Riding two up: On the road tips… [Part 3]

Now that you’re on the road, you’re ready for a good time. Some simple do’s and don’ts will ensure your safety and enhance your fun.

women-riders

Here are some tips I’ve learned

DO: Realize that you are not in control; rider #1 is. Accept and enjoy that you are rider #2; it’s a good thing.

DO NOT: Be a back seat driver. Fight all instinctive and conscious attempts to control the bike. If you can’t “let go”, then perhaps riding two-up isn’t for you.

DO: Hold on so rider #1 has a sense of your presence. This will take individual discussion about what works for both of you but holding on to rider #1 loosely at the hips is usually a win-win.

DO NOT: Hold on with a death grip or romantic embrace. You want to avoid cramping rider #1’s freedom of movement and you want to avoid “helmet kisses.”

DO: Stay alert and pay attention to the ride. Watch for bumps, rail road crossings, debris in the road, animals and people. If you detect “surprises” concurrently with the rider, you will function as one and be a team during sudden stops and swerves.

DO NOT: Forget that you become part of the problem if your weight imbalances the ride in a quick stop or swerve.

DO: Watch the road and look over the shoulder of rider #1 in the direction of turns. A slight shift of your head to look over rider #1’s right shoulder as you go in to right turns and left shoulder as you go in to left is a perfect way to contribute to smooth riding. It is a small gesture with big results.

DO NOT: Ignore the twists and turns of the road. Be part of the action.

DO: Stay centered on the bike.

DO NOT: Lean. Rider #1 does not need your weight to accomplish a turn. It’s fun to lean into turns but it’s not your job and you’re changing the balance of the bike by “over” participating! Discuss this if you’re going to be regular riding partners. Find out what works for you both.

DO: Be light in your seat. By squeezing the bike between your knees and lifting your body slightly when you go over a railroad track or any bump, you can avoid being tossed up and landing back down with a thud.

DO NOT: Add instability to the ride by being “dead weight.”

DO: Stay in your seat when descending steep hills by supporting your weight on the foot pegs.

DO NOT: Move in to rider #1’s seat by sliding forward, caught unaware of the bike’s downhill motion.

DO: Communicate critical information
with a preplanned system. Whether it be hand signals, taps on this shoulder or that, a squeeze at the waist. Whatever your chosen form of communication, if you’ve got something important to say, have a way to “say” it. Know that talking with earplugs in and trying to be heard over wind noise is difficult and distracting.

DO NOT: Chatter idly. If you have radios, do not fill up the airwaves with everything on your mind. Only communicate what’s important.

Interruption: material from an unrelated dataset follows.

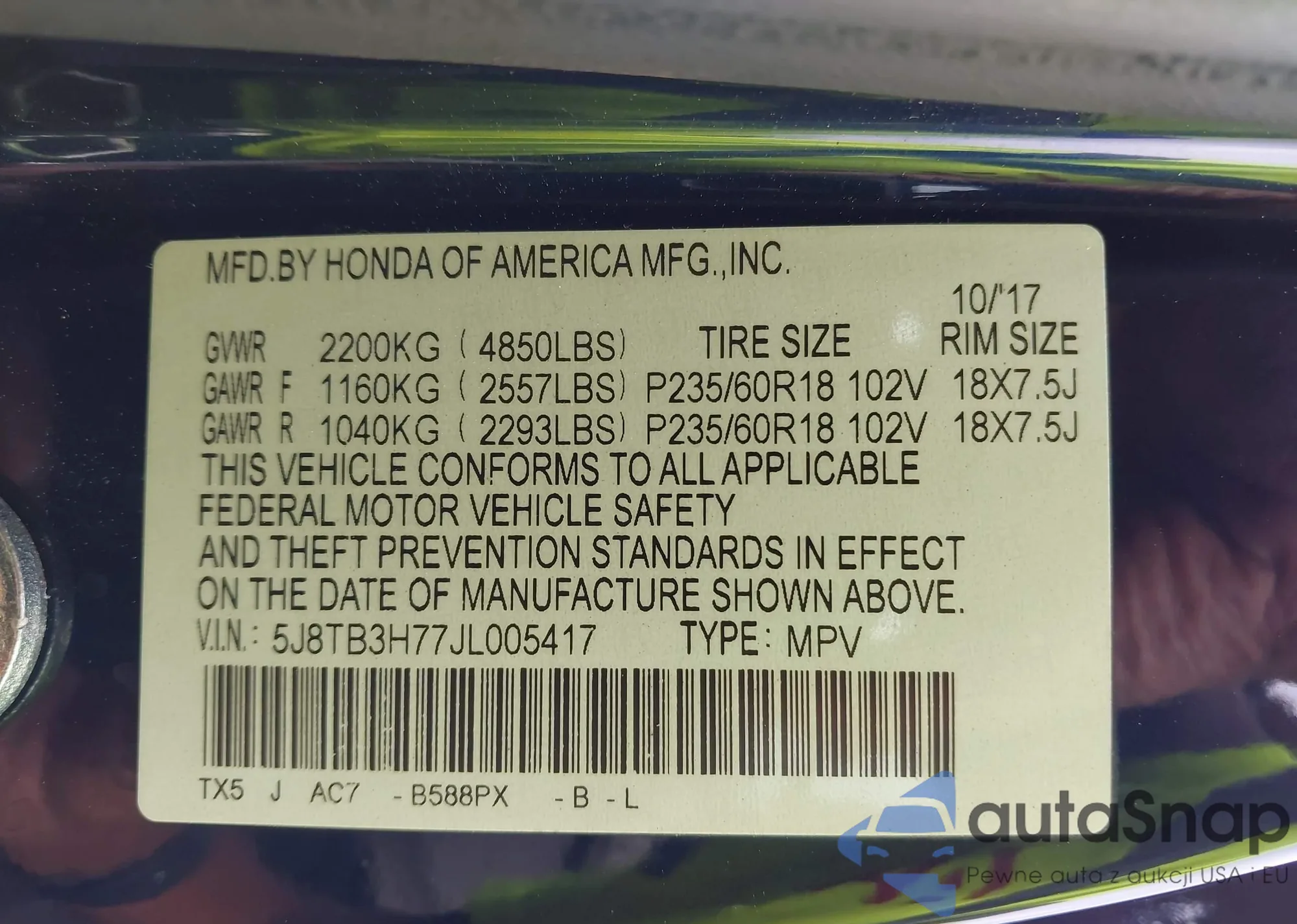 • VIN 5J6RW2H54LA006121

Discuss this with rider #1 and see what works for the two of you. Personally, I think the fewer distractions, the better and there’s a great pleasure in the quiet of the ride.

DO: Signal rider #1
when you’re planning to put your feet down which should only be when you are dismounting.

DO NOT: Put your feet down during a ride. You can not stop the bike or slow it or prevent a fall by putting your feet down. You can get hurt; you can make things worse.

DO: Trust your partner. Be calm. Be relaxed. Do know that you are a participant and you make a difference.

It doesn’t take two to ride a motorcycle but a two-up ride works best when rider #1 and rider #2 are both doing their parts.